Task to carry out: Return all the data verbatim but without images.

Data provided:
________________________

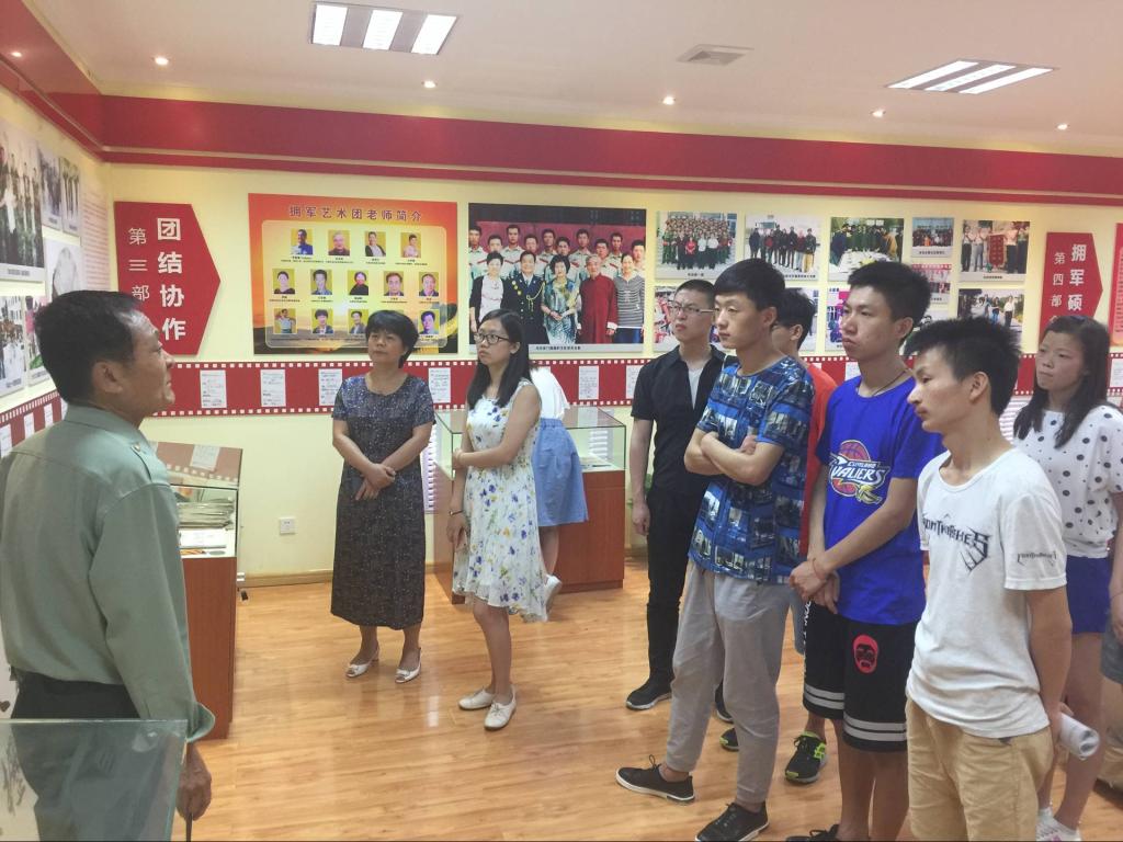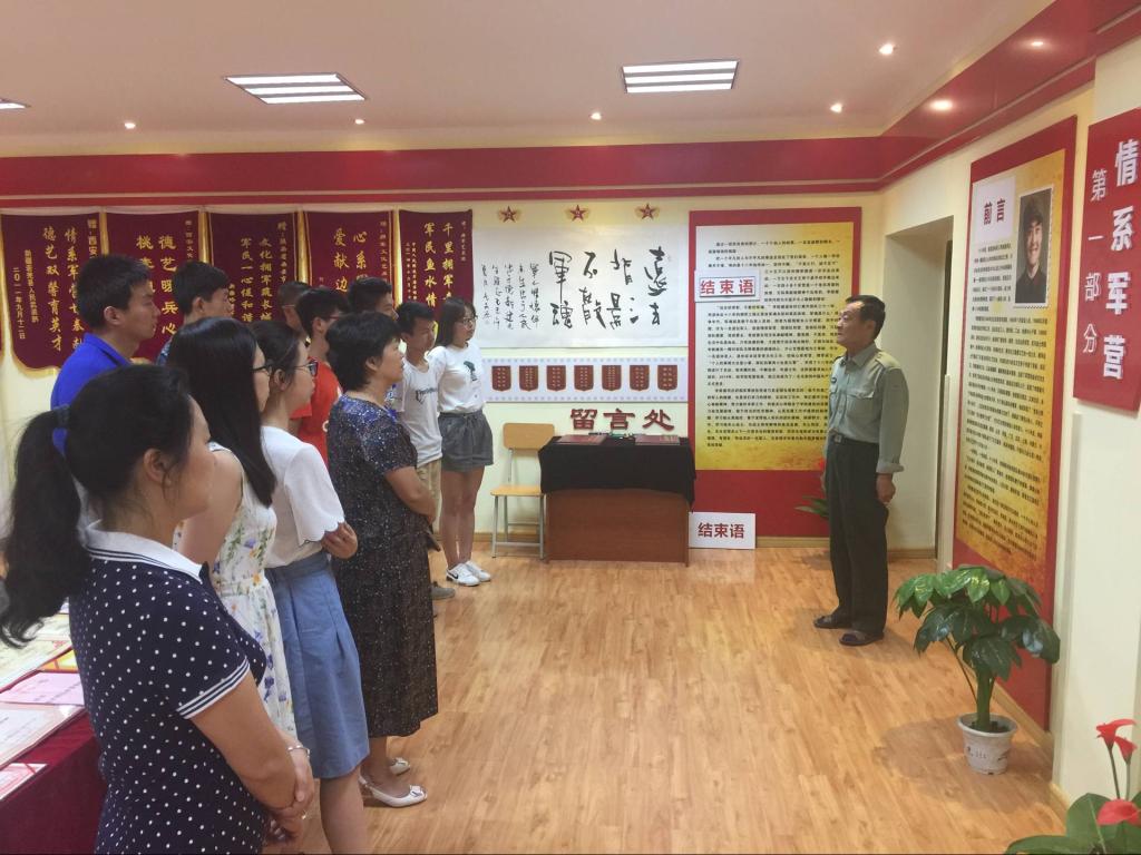 我校退休职工“双拥模范”李新建老师以他几十年的工作经验和人生阅历在展馆进行了生动深情的讲解。展馆分情系军营、拥军之路、团结协作、拥军硕果四个部分,各种照片,实物和证书充分展现了李老师全心全意投入拥军工作,心系部队,情系军营的优良作风,以及走遍祖国大江南北,为全国各地尤其是新疆边防士兵做文艺工作培训的艰苦历程和丰硕成果。
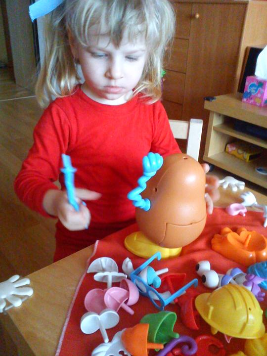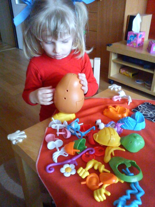 Karamelka sedí a přebírá korálky podle barev do mističek a zpívá: jedno zlnko popela,jedno zlnko hlášku, to aby si věděla že máš hejno blášku😀 chce se mi smát jak je roztomilá popeluška moje🙂
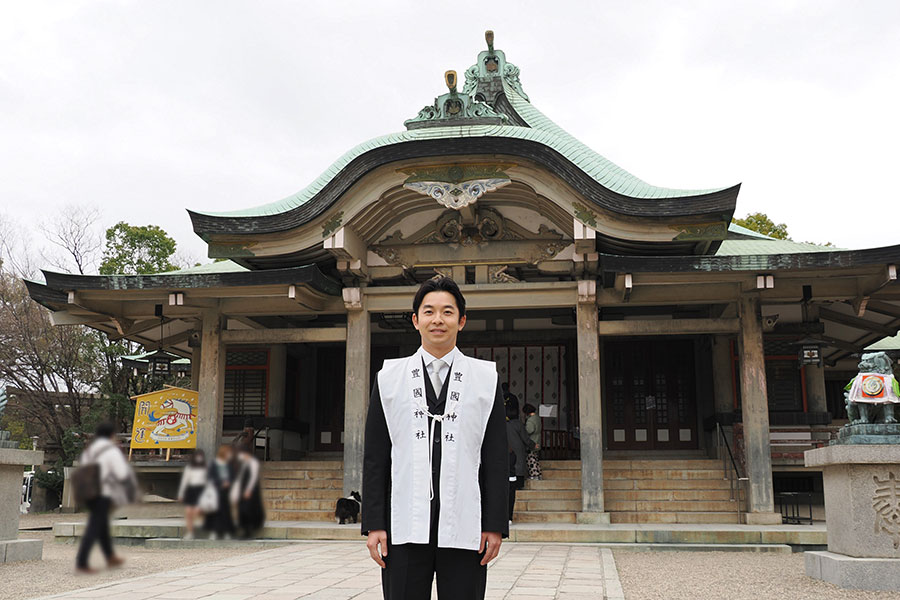 全国の豊國神社のなかでも、唯一秀長を祀っている同神社。命日の2月15日におこなわれる慰霊祭は、例年は神社の関係者のみで行っているが、今年は『豊臣兄弟!』が放送されている縁で、キャスト・スタッフを代表して仲野と松川CPが参加。
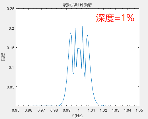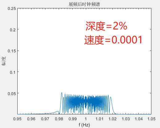 將調(diào)制速度從0.001改為0.0001,即降低10倍,調(diào)制深度為2%,頻譜如下圖。

________________________

Solution for this task:
 我校退休职工“双拥模范”李新建老师以他几十年的工作经验和人生阅历在展馆进行了生动深情的讲解。展馆分情系军营、拥军之路、团结协作、拥军硕果四个部分,各种照片,实物和证书充分展现了李老师全心全意投入拥军工作,心系部队,情系军营的优良作风,以及走遍祖国大江南北,为全国各地尤其是新疆边防士兵做文艺工作培训的艰苦历程和丰硕成果。
 Karamelka sedí a přebírá korálky podle barev do mističek a zpívá: jedno zlnko popela,jedno zlnko hlášku, to aby si věděla že máš hejno blášku😀 chce se mi smát jak je roztomilá popeluška moje🙂
 全国の豊國神社のなかでも、唯一秀長を祀っている同神社。命日の2月15日におこなわれる慰霊祭は、例年は神社の関係者のみで行っているが、今年は『豊臣兄弟!』が放送されている縁で、キャスト・スタッフを代表して仲野と松川CPが参加。
 將調(diào)制速度從0.001改為0.0001,即降低10倍,調(diào)制深度為2%,頻譜如下圖。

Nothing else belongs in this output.